**Work required:** When copying the data below, keep only the lines from the one with "Sit! Dog: You" through the one with "Greek, Homestyle and", word for word, and skip the pictures.

**Data shown:**
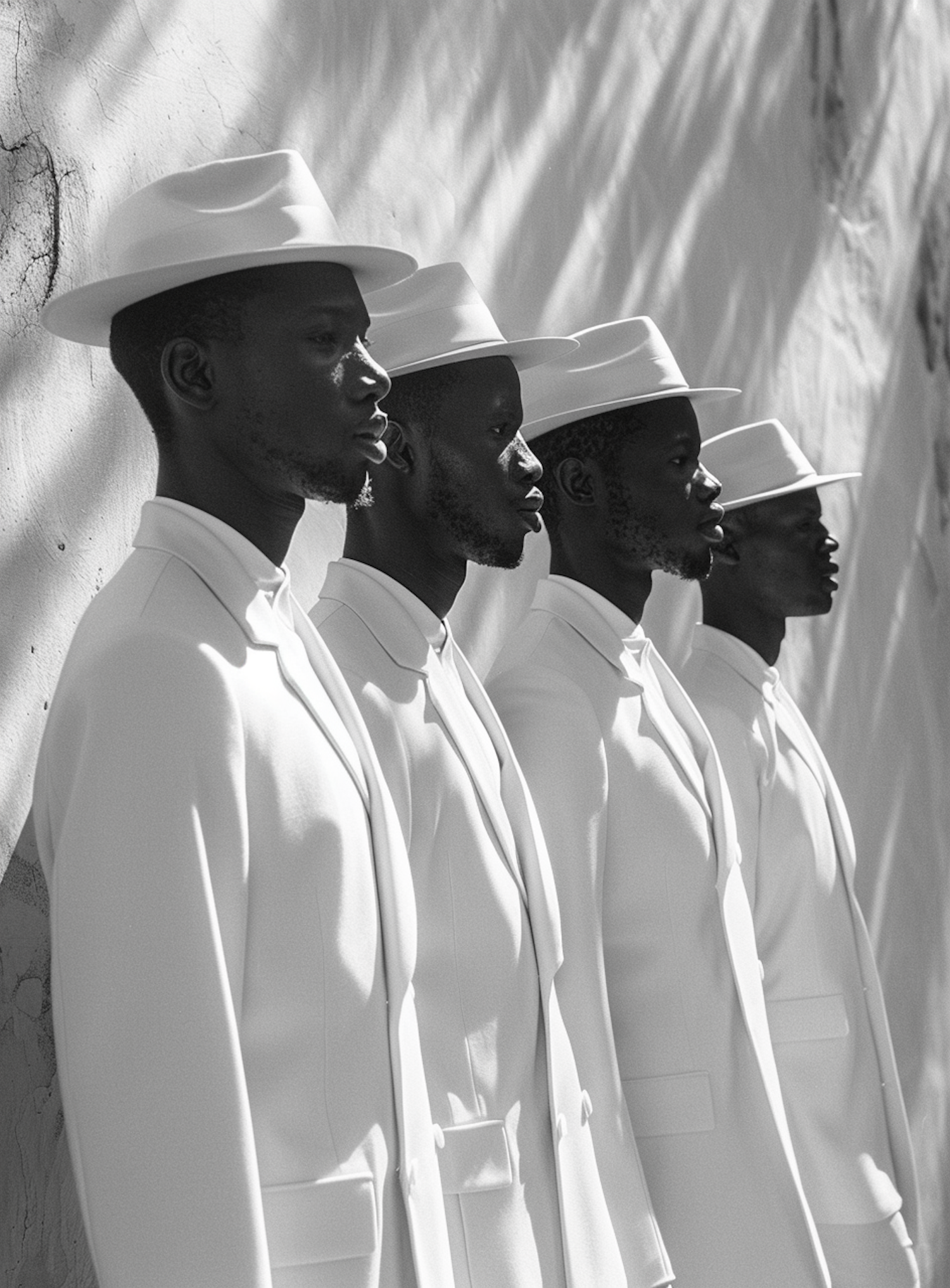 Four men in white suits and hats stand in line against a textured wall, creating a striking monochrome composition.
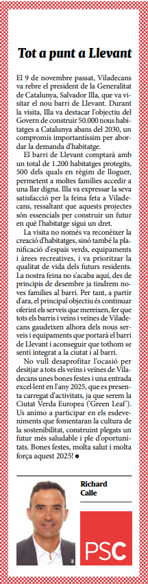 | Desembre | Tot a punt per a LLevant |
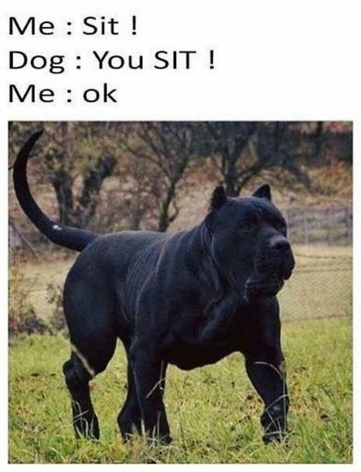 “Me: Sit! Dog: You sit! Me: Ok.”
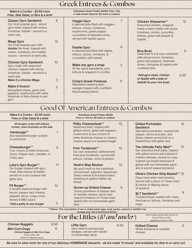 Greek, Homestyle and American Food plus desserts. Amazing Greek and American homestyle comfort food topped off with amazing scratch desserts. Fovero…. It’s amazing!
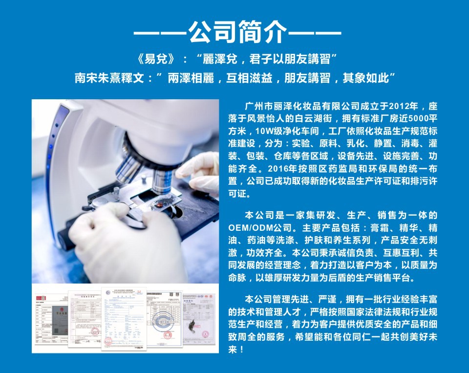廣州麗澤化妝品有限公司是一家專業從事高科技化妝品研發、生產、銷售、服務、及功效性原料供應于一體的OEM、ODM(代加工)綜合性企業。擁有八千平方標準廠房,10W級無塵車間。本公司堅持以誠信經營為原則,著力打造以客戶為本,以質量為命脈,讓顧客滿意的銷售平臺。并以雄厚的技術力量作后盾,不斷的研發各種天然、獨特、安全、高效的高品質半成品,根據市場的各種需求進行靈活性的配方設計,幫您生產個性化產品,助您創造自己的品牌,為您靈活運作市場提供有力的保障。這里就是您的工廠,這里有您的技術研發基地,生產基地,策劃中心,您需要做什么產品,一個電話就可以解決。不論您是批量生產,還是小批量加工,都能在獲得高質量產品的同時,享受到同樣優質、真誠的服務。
* * *
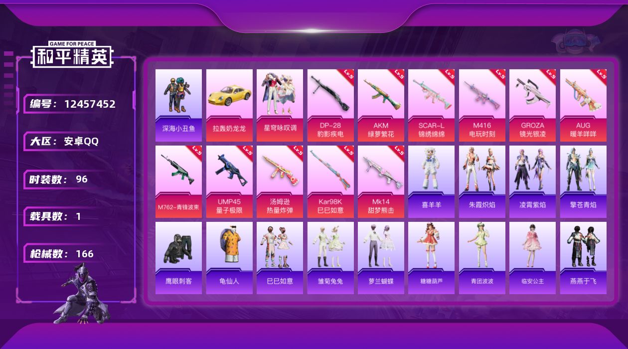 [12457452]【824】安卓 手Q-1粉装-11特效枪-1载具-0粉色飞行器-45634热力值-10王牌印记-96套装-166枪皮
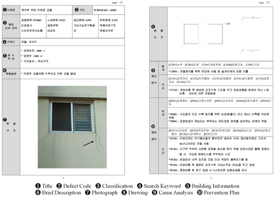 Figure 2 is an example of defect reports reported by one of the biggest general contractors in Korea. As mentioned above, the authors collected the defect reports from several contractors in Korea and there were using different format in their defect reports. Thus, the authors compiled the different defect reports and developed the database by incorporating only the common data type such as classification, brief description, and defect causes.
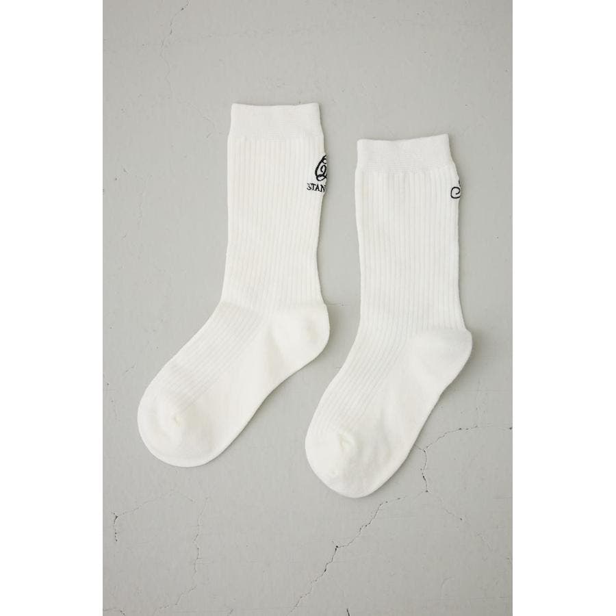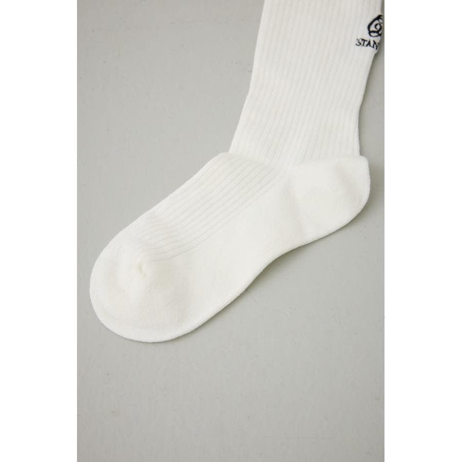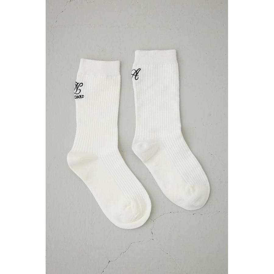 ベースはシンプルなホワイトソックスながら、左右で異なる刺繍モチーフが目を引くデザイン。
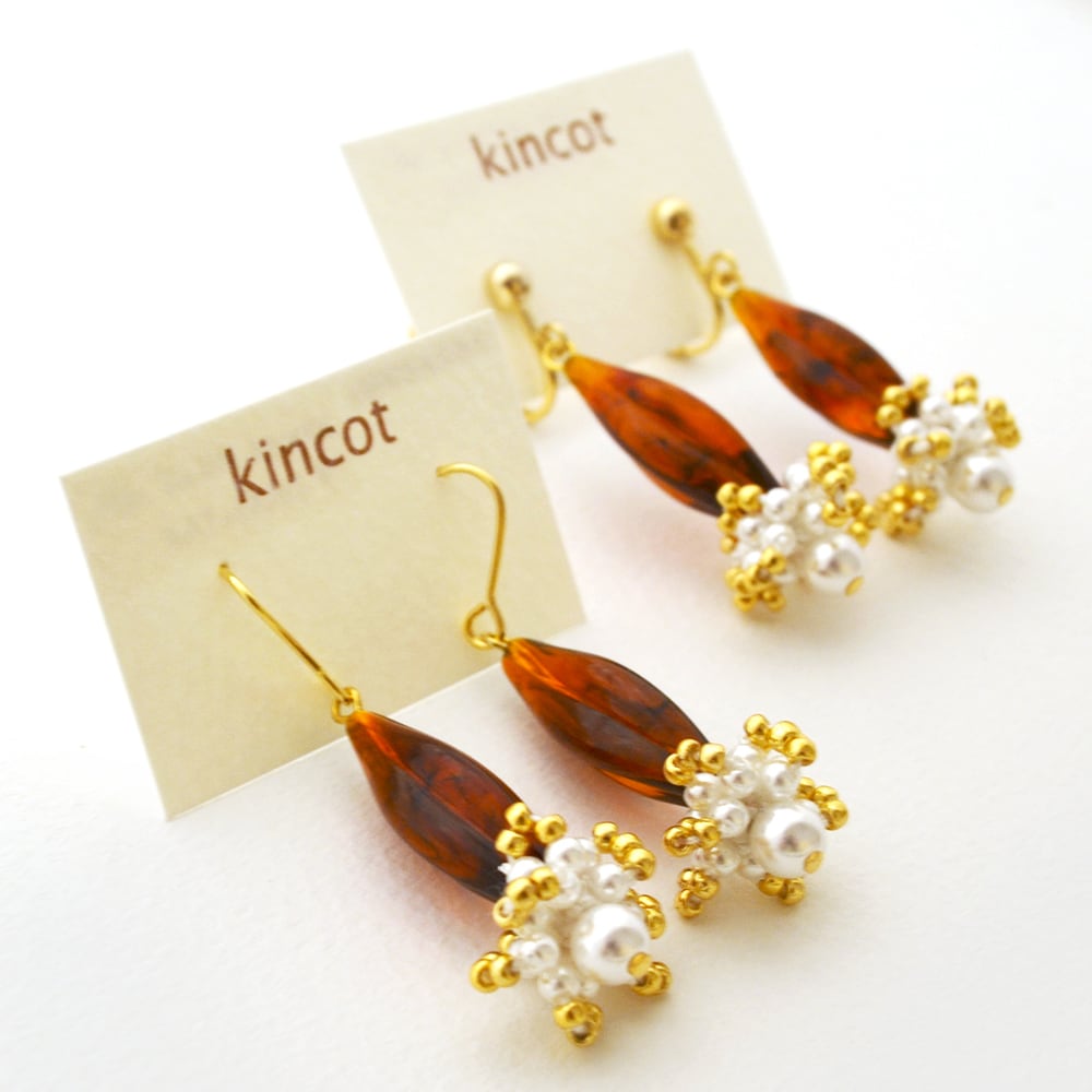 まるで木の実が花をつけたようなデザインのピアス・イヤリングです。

**Response:**
 “Me: Sit! Dog: You sit! Me: Ok.”
 Greek, Homestyle and American Food plus desserts. Amazing Greek and American homestyle comfort food topped off with amazing scratch desserts. Fovero…. It’s amazing!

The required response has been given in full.